» **RAW DATA**
----

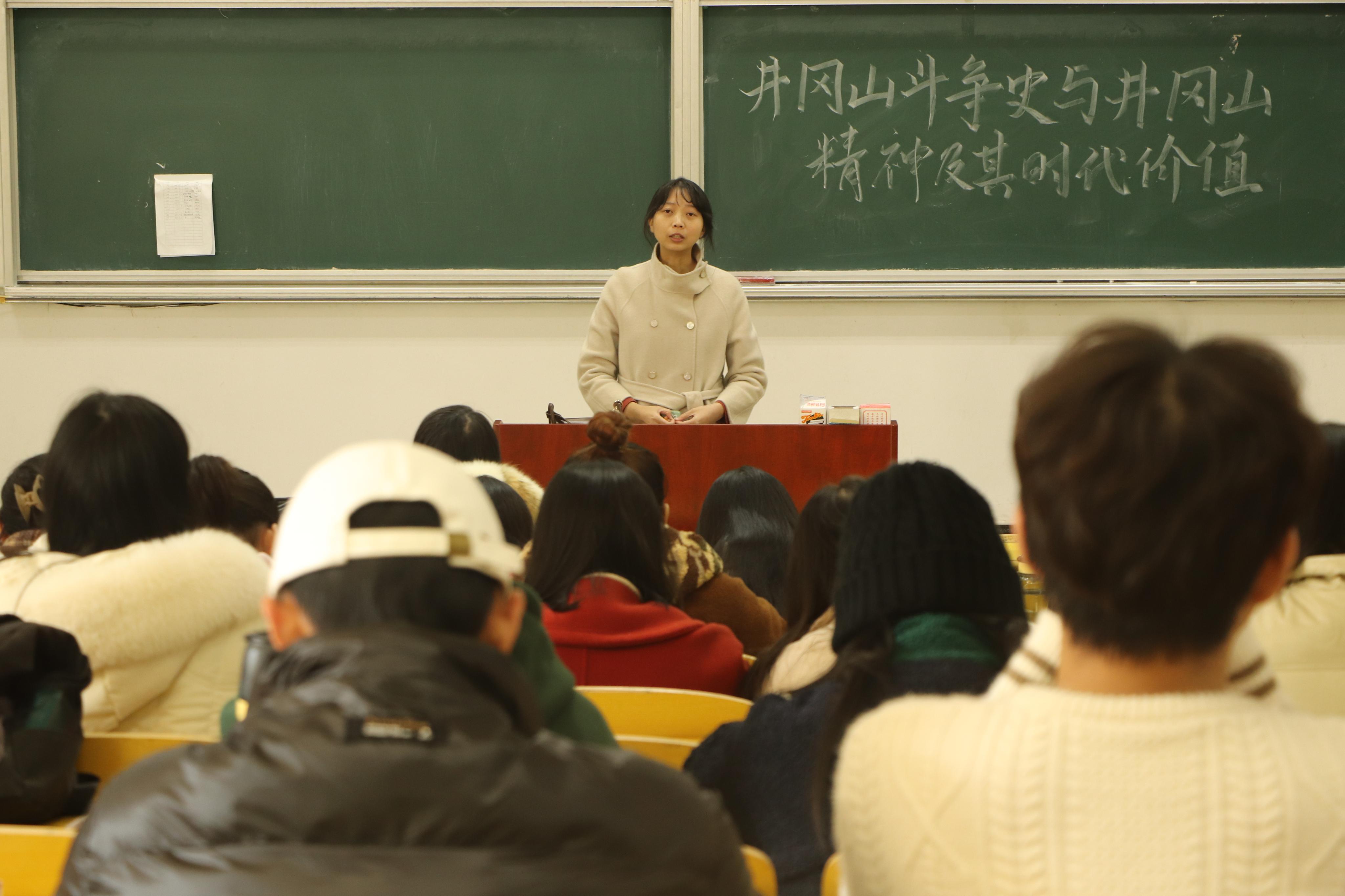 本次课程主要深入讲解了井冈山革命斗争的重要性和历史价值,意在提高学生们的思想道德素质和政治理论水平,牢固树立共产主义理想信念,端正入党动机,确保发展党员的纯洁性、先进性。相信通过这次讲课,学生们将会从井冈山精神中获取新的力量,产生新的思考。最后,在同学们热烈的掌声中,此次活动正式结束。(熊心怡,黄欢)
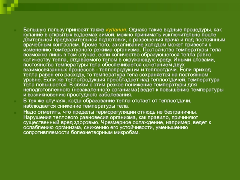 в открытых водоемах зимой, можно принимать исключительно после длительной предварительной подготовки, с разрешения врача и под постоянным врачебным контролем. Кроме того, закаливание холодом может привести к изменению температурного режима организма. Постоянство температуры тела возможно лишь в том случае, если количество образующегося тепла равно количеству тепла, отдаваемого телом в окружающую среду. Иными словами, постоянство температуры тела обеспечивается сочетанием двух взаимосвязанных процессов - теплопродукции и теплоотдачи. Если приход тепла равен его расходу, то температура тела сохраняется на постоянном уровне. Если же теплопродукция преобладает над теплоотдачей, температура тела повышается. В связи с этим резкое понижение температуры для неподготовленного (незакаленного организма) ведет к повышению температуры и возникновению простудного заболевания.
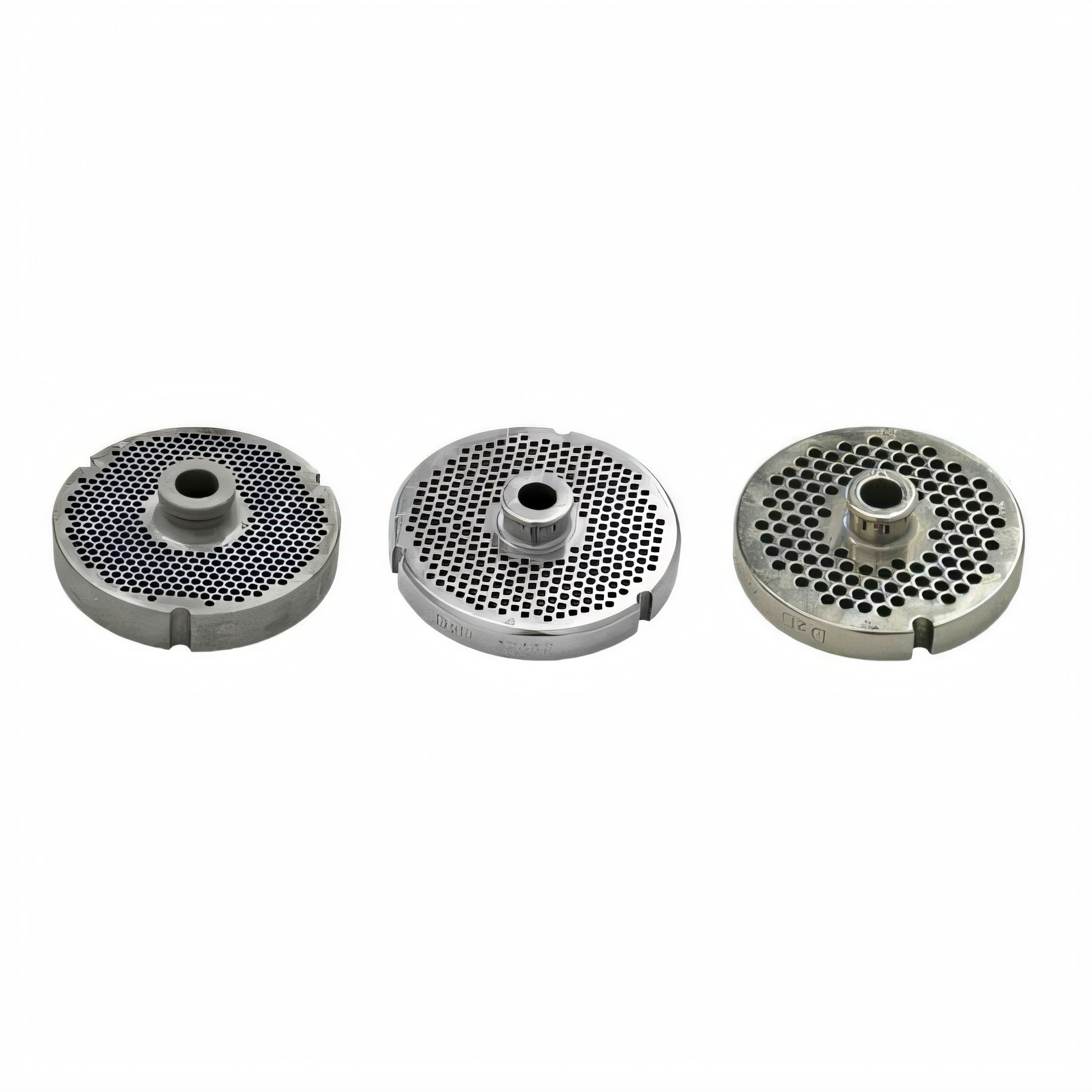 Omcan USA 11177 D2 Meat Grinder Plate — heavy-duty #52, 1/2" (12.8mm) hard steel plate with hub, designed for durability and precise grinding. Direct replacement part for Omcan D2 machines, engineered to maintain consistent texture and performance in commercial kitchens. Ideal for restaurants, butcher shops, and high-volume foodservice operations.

----

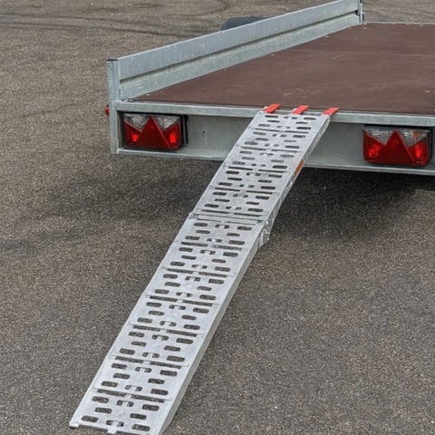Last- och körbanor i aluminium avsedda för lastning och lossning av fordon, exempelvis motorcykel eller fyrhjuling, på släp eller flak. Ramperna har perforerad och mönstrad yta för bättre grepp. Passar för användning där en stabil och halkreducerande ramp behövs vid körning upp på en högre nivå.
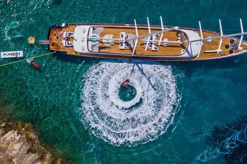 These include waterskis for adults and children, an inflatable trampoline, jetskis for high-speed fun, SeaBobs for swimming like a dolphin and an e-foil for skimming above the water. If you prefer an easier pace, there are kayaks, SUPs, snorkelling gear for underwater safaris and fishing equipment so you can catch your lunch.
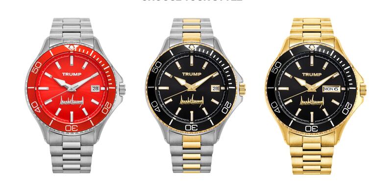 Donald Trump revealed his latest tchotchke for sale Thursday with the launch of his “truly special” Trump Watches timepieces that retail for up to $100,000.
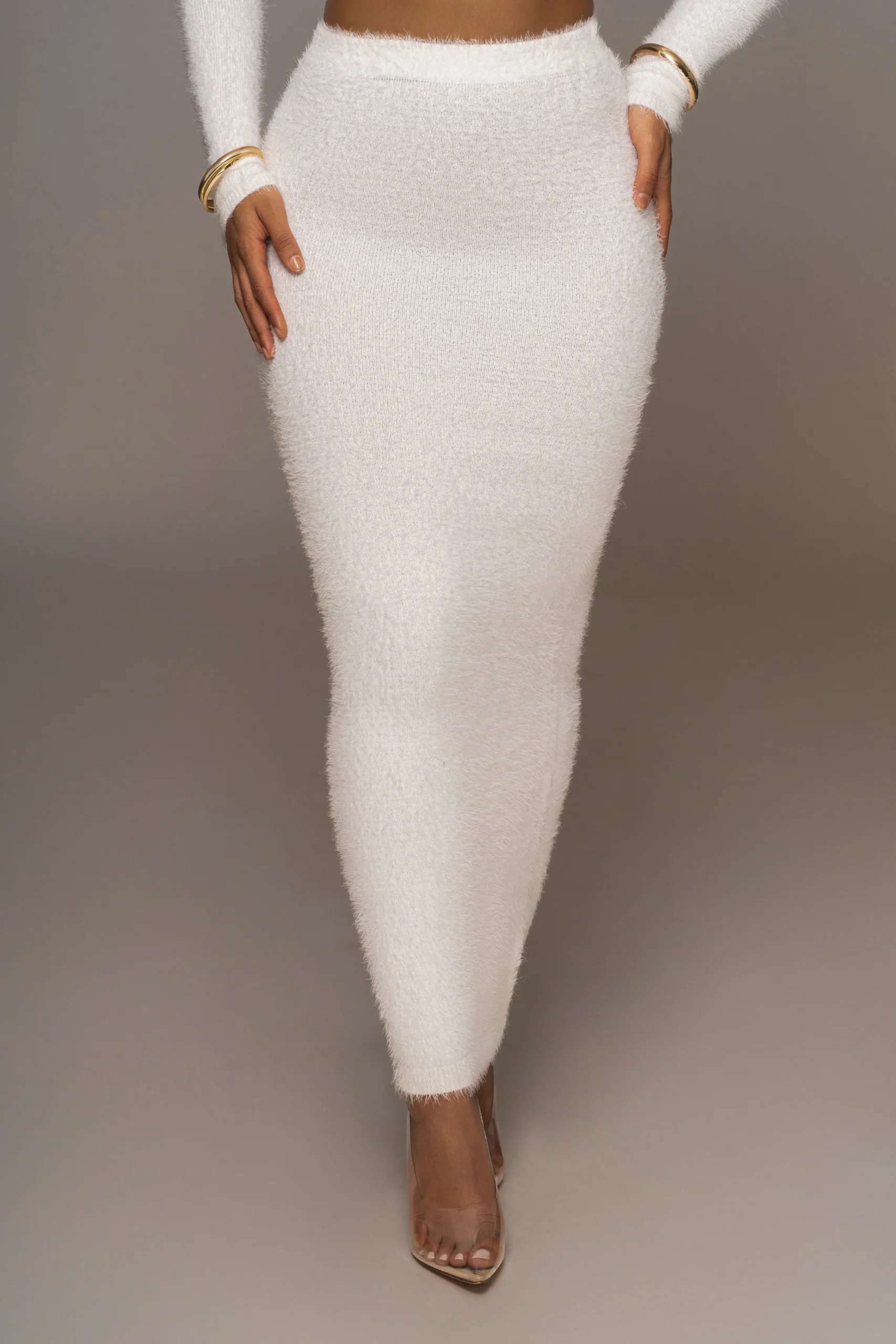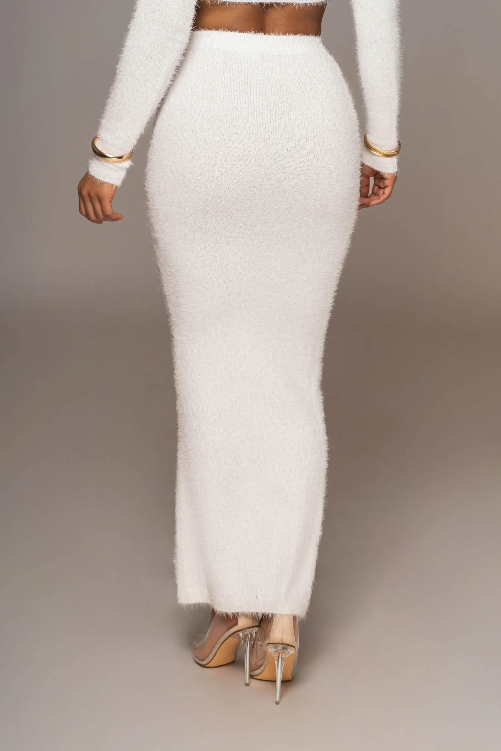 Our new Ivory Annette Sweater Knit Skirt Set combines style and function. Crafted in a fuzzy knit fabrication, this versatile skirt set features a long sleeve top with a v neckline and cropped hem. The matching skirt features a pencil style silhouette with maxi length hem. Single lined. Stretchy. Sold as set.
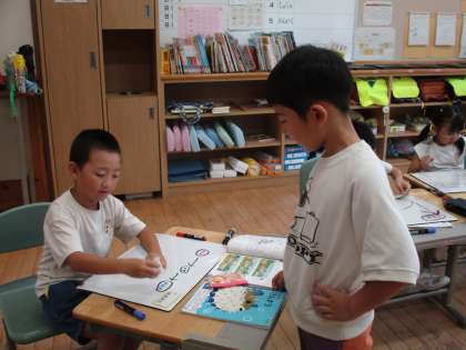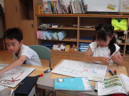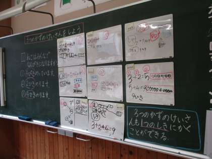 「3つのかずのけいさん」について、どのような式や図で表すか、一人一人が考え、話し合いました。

----

» **WHAT YOU SHOULD DO**
Go to the line above that contains "本次课程主要深入讲解了井冈山" and reproduce everything exactly from there through the line that contains "Omcan USA 11177", leaving out the pictures.

» **WRITTEN RESPONSE**
 本次课程主要深入讲解了井冈山革命斗争的重要性和历史价值,意在提高学生们的思想道德素质和政治理论水平,牢固树立共产主义理想信念,端正入党动机,确保发展党员的纯洁性、先进性。相信通过这次讲课,学生们将会从井冈山精神中获取新的力量,产生新的思考。最后,在同学们热烈的掌声中,此次活动正式结束。(熊心怡,黄欢)
 в открытых водоемах зимой, можно принимать исключительно после длительной предварительной подготовки, с разрешения врача и под постоянным врачебным контролем. Кроме того, закаливание холодом может привести к изменению температурного режима организма. Постоянство температуры тела возможно лишь в том случае, если количество образующегося тепла равно количеству тепла, отдаваемого телом в окружающую среду. Иными словами, постоянство температуры тела обеспечивается сочетанием двух взаимосвязанных процессов - теплопродукции и теплоотдачи. Если приход тепла равен его расходу, то температура тела сохраняется на постоянном уровне. Если же теплопродукция преобладает над теплоотдачей, температура тела повышается. В связи с этим резкое понижение температуры для неподготовленного (незакаленного организма) ведет к повышению температуры и возникновению простудного заболевания.
 Omcan USA 11177 D2 Meat Grinder Plate — heavy-duty #52, 1/2" (12.8mm) hard steel plate with hub, designed for durability and precise grinding. Direct replacement part for Omcan D2 machines, engineered to maintain consistent texture and performance in commercial kitchens. Ideal for restaurants, butcher shops, and high-volume foodservice operations.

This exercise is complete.